= Arthur Bateman (politician) =

Arthur Leonard Bateman (22 August 1879 – 8 May 1957) was a British businessman and Conservative Party politician.

Born in London, he was privately educated before entering business as a sack manufacturer. He was a member of the Worshipful Company of Basketmakers and a Freeman of the City of London. He became involved in local politics as a member of the Conservative-backed Municipal Reform Party. He was elected to Camberwell Borough Council in 1922 and was the mayor of Camberwell in 1929–1930. In 1931 he was elected to represent Peckham on the London County Council.

At the 1931 general election he was chosen to contest the seat of Camberwell North on behalf of the Conservatives. The election had been called following the formation of a National Government. This had caused a split in the Labour Party with the majority opposing the coalition. Among these were Charles Ammon, sitting MP for Camberwell North. Bateman was the government candidate, with the Liberal Party stepping aside from the contest. Bateman was elected, overturning a Labour majority of 7,823 to win by 765 votes.

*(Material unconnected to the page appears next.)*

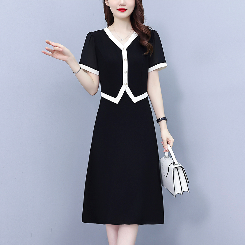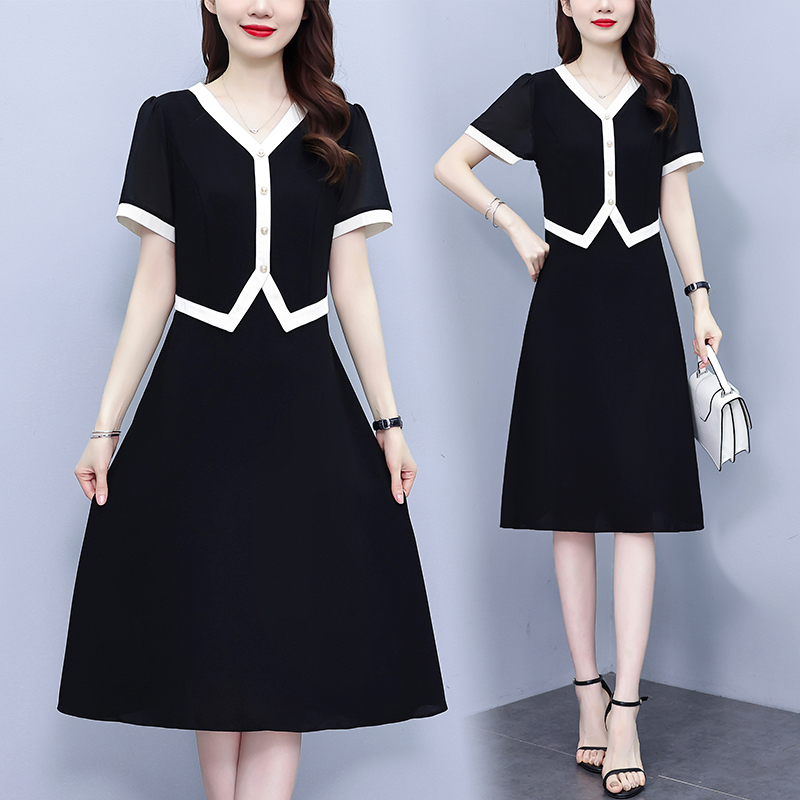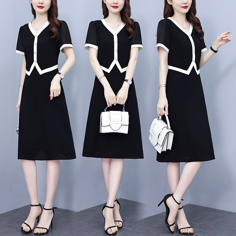RY1202# 大码女装连衣裙雪纺拼接假两件显瘦赫本风小黑裙

Bateman proved to be a controversial member of parliament. In April 1932 the North Camberwell Liberal and Radical Association organised protests calling for his resignation. The Liberals claimed he had broken his election pledges and voted to support taxes on food. Bateman countered that his loyalty was not to the voters but to the National Government and that he would not resign. By the time the next election was called in 1935 Bateman had made it clear that he no longer wished to represent North Camberwell as the constituency had shown him "no gratitude". He stated that in.. "some parts of North Camberwell I have had to have as many as fifty policemen to get me out of meetings. I will not risk my life any longer." He initially hoped that the Conservative Party would find another constituency for him to contest. When this did not occur he decided to stand as an independent in the neighbouring seat of Peckham, although he withdrew his candidacy prior to the election.

In 1942 Bateman moved to Warwick, where he was to be a member of the borough council. By the time of the 1945 general election he had healed his rift with the Conservatives and contested Tottenham South, but failed to be elected.

Apart from his political and business activities, Bateman was the founder of a charity, the Camberwell Children's Christmas Treat and Summer Holiday Camp Fund. As part of fundraising activities for the organisation he paraded along Bond Street dressed in a coronet.

He died at his home in Warwick in May 1957 aged 77.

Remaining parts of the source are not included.